• **Problem to work on**
Transcribe all the entries word for word, but omit the images.

*** Block opens ***

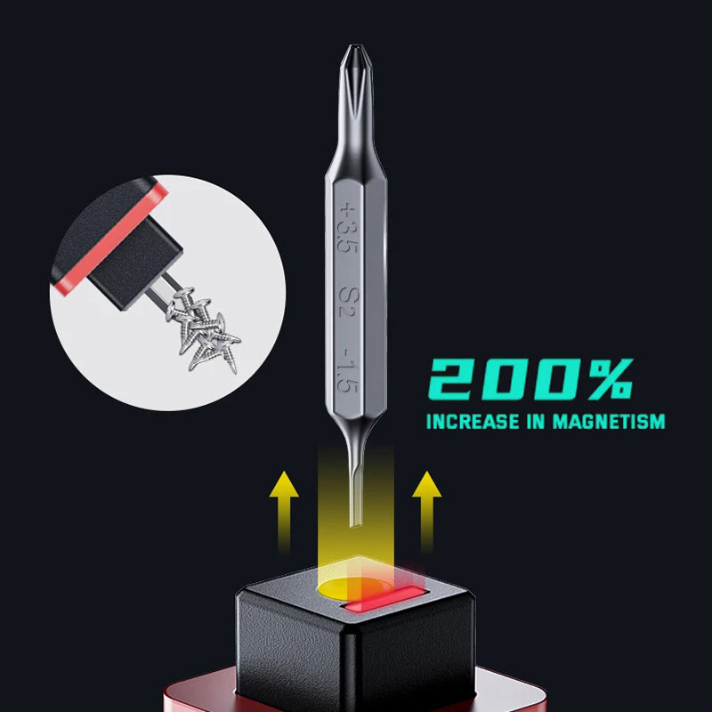 - It has a hidden magnetic storage compartment to prevent bit confusion
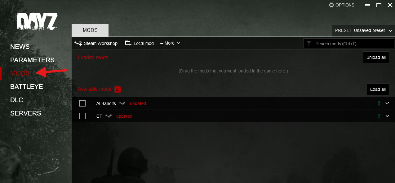 Launch DayZ and open the MODS tab.
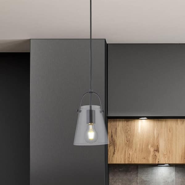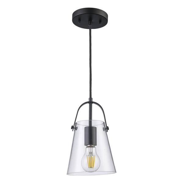 Curry 6 in. 1-Light Black Mini Pendant Light Fixture with Clear Glass Shade
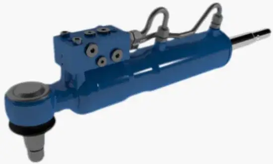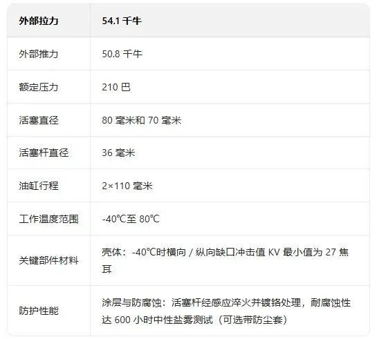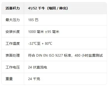 如圖 9 所示,該系統工作電壓為 24 伏直流電,需與車輛電池連接。此外,為減少不利影響,系統重量應盡可能小,因為若后橋轉向系統重量過大,最終將導致轉向力增加。活塞桿縮回時的作用力為 41 千牛,伸出時為 52 千牛,這表明活塞兩側的面積不同,即該后橋轉向系統采用的是單桿雙作用油缸。活塞桿的縮回和伸出長度均在 0.95 米以內,這將決定車輛后 / 隨動橋安裝該系統所需的連桿機構和平臺幾何結構。
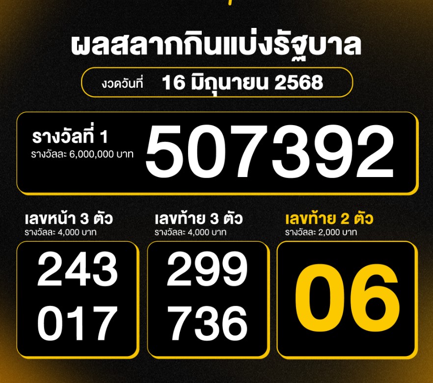 เรียกได้ว่าออกเป็นที่เรียบร้อยแล้ว สำหรับผลสลากกินแบ่งรัฐบาล งวดประจำวันที่ 16 มิถุนายน 2568 รางวัลที่ 1 รางวัลละ 6,000,000 บาท ออกหมายเลข 507392 เลขหน้า 3 ตัว 2 รางวัล รางวัลละ 4,000 บาท ออกหมายเลข 243 017
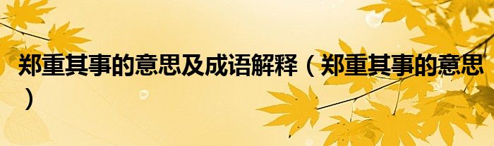 关于郑重其事的意思及成语解释,郑重其事的意思这个很多人还不知道,今天菲菲来为大家解答以上的问题,现在让我们一起来看看吧!
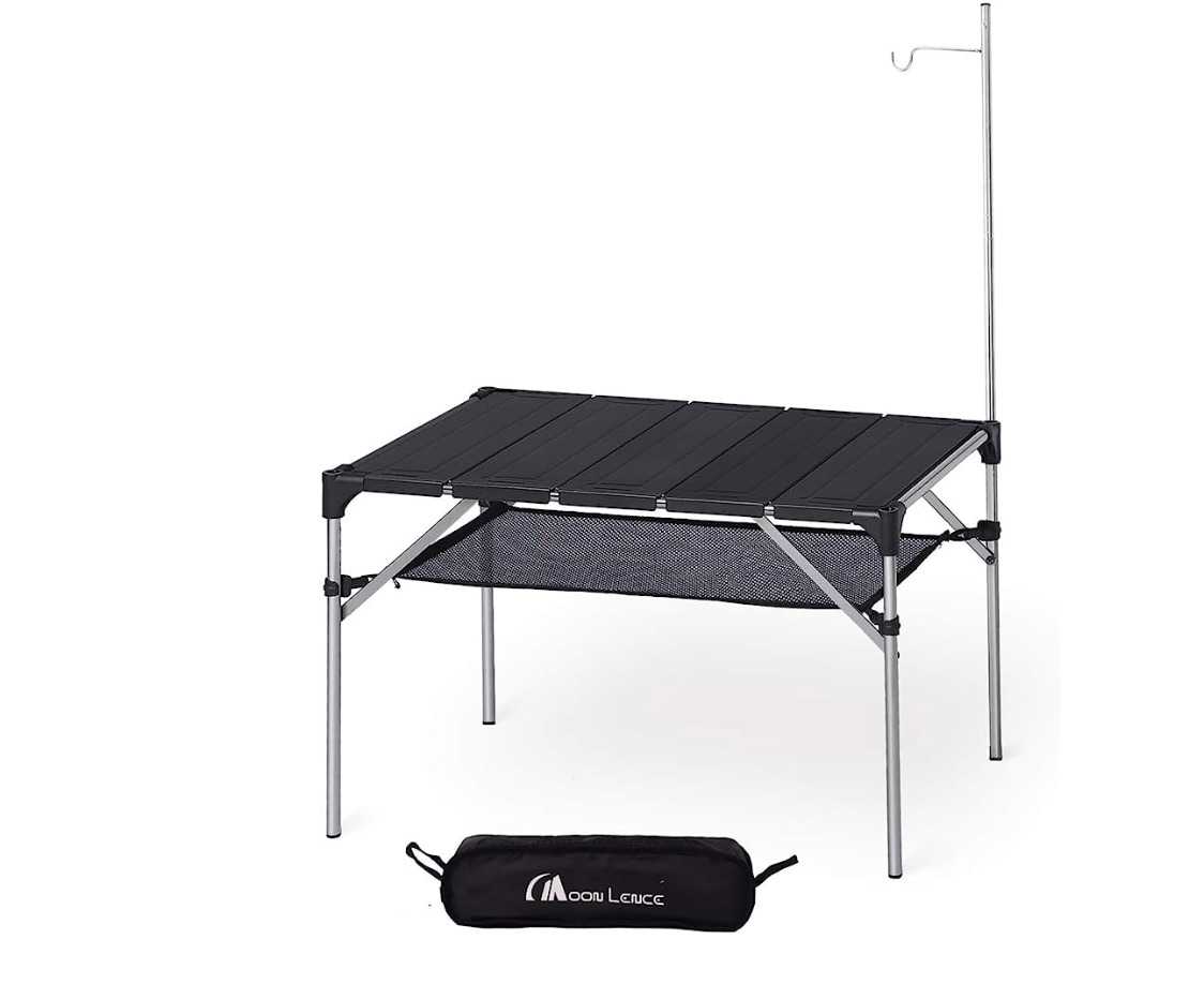 軽くてコンパクトなので取り敢えず入れておけば、必要な時組み立てて使えるのがメリットですが、地面が斜めだったり、一回設置したパニアとテーブルセットを動かす、または夜テントの前室にしまう時などは、少し手間です😰

*** Block closes ***

• **Solution for this task**
 - It has a hidden magnetic storage compartment to prevent bit confusion
 Launch DayZ and open the MODS tab.
 Curry 6 in. 1-Light Black Mini Pendant Light Fixture with Clear Glass Shade
 如圖 9 所示,該系統工作電壓為 24 伏直流電,需與車輛電池連接。此外,為減少不利影響,系統重量應盡可能小,因為若后橋轉向系統重量過大,最終將導致轉向力增加。活塞桿縮回時的作用力為 41 千牛,伸出時為 52 千牛,這表明活塞兩側的面積不同,即該后橋轉向系統采用的是單桿雙作用油缸。活塞桿的縮回和伸出長度均在 0.95 米以內,這將決定車輛后 / 隨動橋安裝該系統所需的連桿機構和平臺幾何結構。
 เรียกได้ว่าออกเป็นที่เรียบร้อยแล้ว สำหรับผลสลากกินแบ่งรัฐบาล งวดประจำวันที่ 16 มิถุนายน 2568 รางวัลที่ 1 รางวัลละ 6,000,000 บาท ออกหมายเลข 507392 เลขหน้า 3 ตัว 2 รางวัล รางวัลละ 4,000 บาท ออกหมายเลข 243 017
 关于郑重其事的意思及成语解释,郑重其事的意思这个很多人还不知道,今天菲菲来为大家解答以上的问题,现在让我们一起来看看吧!
 軽くてコンパクトなので取り敢えず入れておけば、必要な時組み立てて使えるのがメリットですが、地面が斜めだったり、一回設置したパニアとテーブルセットを動かす、または夜テントの前室にしまう時などは、少し手間です😰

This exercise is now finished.